Opinion editorial by Hans Zeiger: Invest in more efficient transportation system
Transportation is one of the biggest issues facing the legislature today. Our streets and highways are in need of maintenance and preservation, our Puget Sound roadways are congested, our bridges are aging, and our state’s economy faces serious competitive threats if we don’t invest in freight mobility.
We urgently need to complete Highway 167 from where it dead-ends in my hometown of Puyallup to I-5 and the Port of Tacoma. After years of delay, we simply cannot wait to finish Highway 167. We also need to complete Highway 509 from the Port of Seattle to I-5. This is a critical trade corridor for our state’s agricultural and manufactured products. I believe that the 167/509 “Puget Sound Gateway” is the top economic development project in Washington State.
No less important than project funding is the need for greater efficiency in the planning and operation of our transportation system. Taxpayers and drivers deserve better, faster, and less- expensive results from the Washington State Department of Transportation.
House Republicans and the Senate Majority Coalition are proposing a number of reforms, from accountability for construction errors to the use of the sales tax revenues on future transportation projects for transportation itself—not prisons or welfare programs.
I am proposing three additional reforms that I hope the House and Senate will pass on to the governor’s desk in the 2014 session.
First, we need to streamline the transportation permitting process. Permitting is a massive cost driver and it results in lengthy project delays. House Bill 1978 would speed up the building cycle and bring down costs by adopting a seven-step permitting process recommended by the Transportation Permit Efficiency and Accountability Committee, which met from 2001 to 2006. The bill codifies collaborative Multi-Agency Permitting Teams. Before this bill passed the House earlier this year, both parties worked to ensure that this reform balanced the need for efficiency and the need for environmental stewardship.
Second, we need to expedite the permitting and construction process for repair or replacement work on our state’s aging bridges. WSDOT has classified 135 Washington bridges as “structurally deficient.”
An example of a structurally deficient bridge is the Meridian Street Puyallup River Bridge, built in 1925 and rated 2 out of 100 on the sufficiency scale. Carrying some 17,000 cars a day, this bridge was closed to truck traffic in the northbound right lane in early 2011. Even so, with various regulations and lengthy permitting processes, the bridge will not be replaced until the end of 2015. Can we wait that long?

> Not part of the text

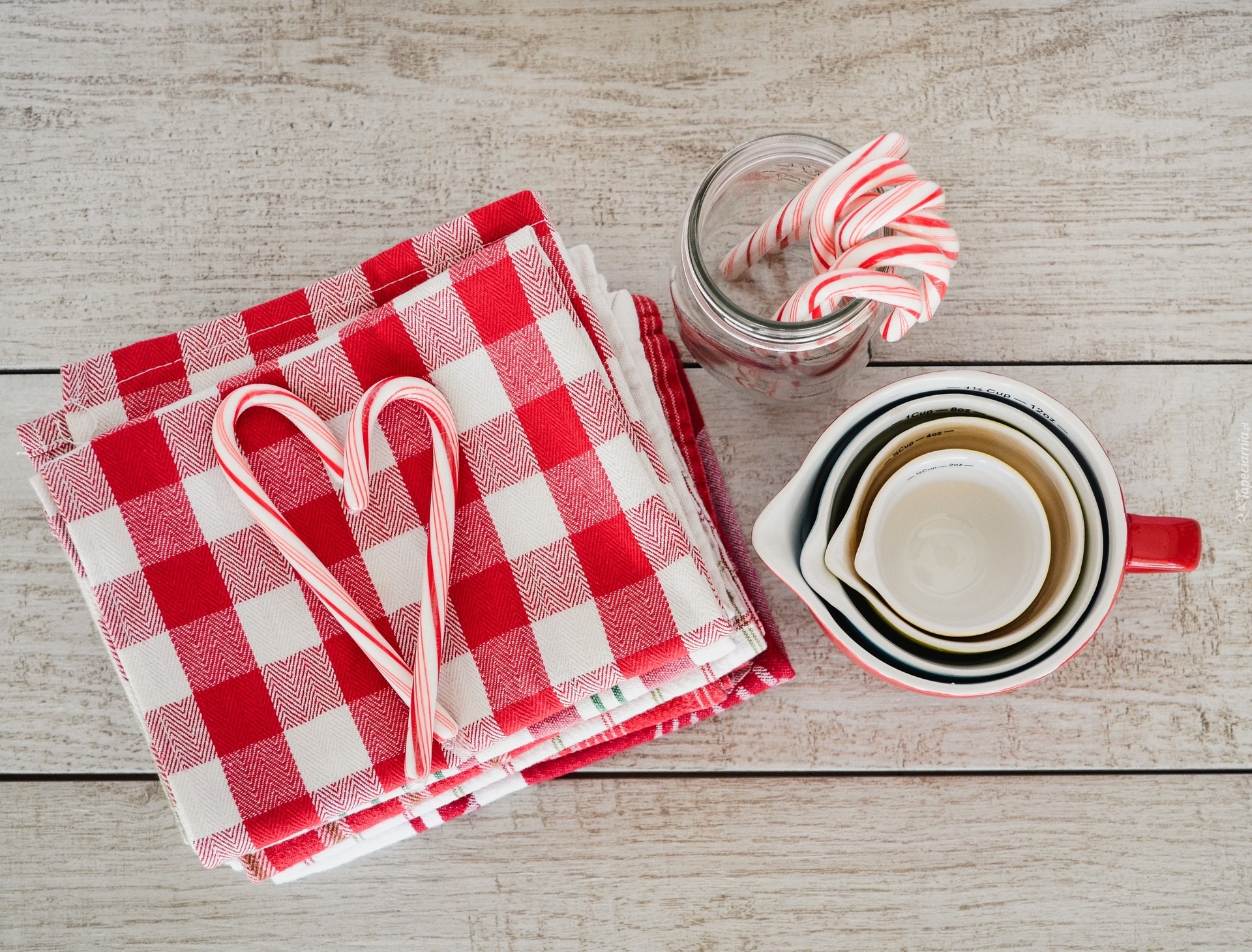 Edytor tapety: Lizaki w słoiku i na ściereczkach obok kubków

The quick progress that has been made on the I-5 Skagit River Bridge demonstrates what WSDOT can accomplish under existing emergency bridge repair provisions. We need to extend an expedited process to all structurally deficient bridges. When it comes to replacing or repairing structurally deficient bridges across the state, we need to bypass much of the permitting process and allow a speedier design-build contracting process. House Bill 2071 would do just that. We need to pass this bill and protect Washington drivers.
Finally, we need to allow limited public-private partnerships to finance and build transportation infrastructure. We need fresh options for transportation funding and economic development. We can start with House Bill 1979, which creates a process for small non-toll projects such as park and rides and ferry terminals. House Bill 1979 passed the House Transportation Committee unanimously earlier this year.
We can fund congestion relief, freight mobility, bridge repair, road maintenance and preservation, provide ferry and transit service—and reform the way we plan and manage our transportation infrastructure at the same time. We need a transportation system that is more accountable, more flexible, and more efficient.
State Rep. Hans Zeiger (R-Puyallup) serves on the House Transportation Committee.